Dataset section –
.....

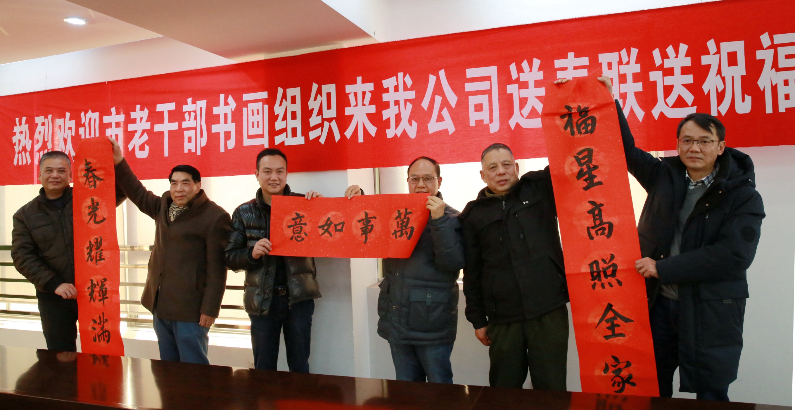 圖為公司副總經(jīng)理羅小將與老干部們合影 此次老干部們送來的春聯(lián)皆是他們親筆所作,受到了公司廣大職工的喜愛。
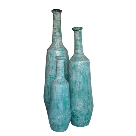 Green White Wash Painted Vase Set of 3
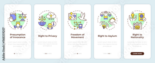 Human law rights onboarding mobile app screen. Walkthrough 5 steps editable graphic instructions with linear concepts. UI, UX, GUI template. Montserrat SemiBold, Regular fonts used

.....

Write the lines out word for word, starting at the one with "Green White Wash Painted Vase Set of 3" and stopping after the last line of the material above, with pictures excluded.

Reply to the exercise –
 Green White Wash Painted Vase Set of 3
 Human law rights onboarding mobile app screen. Walkthrough 5 steps editable graphic instructions with linear concepts. UI, UX, GUI template. Montserrat SemiBold, Regular fonts used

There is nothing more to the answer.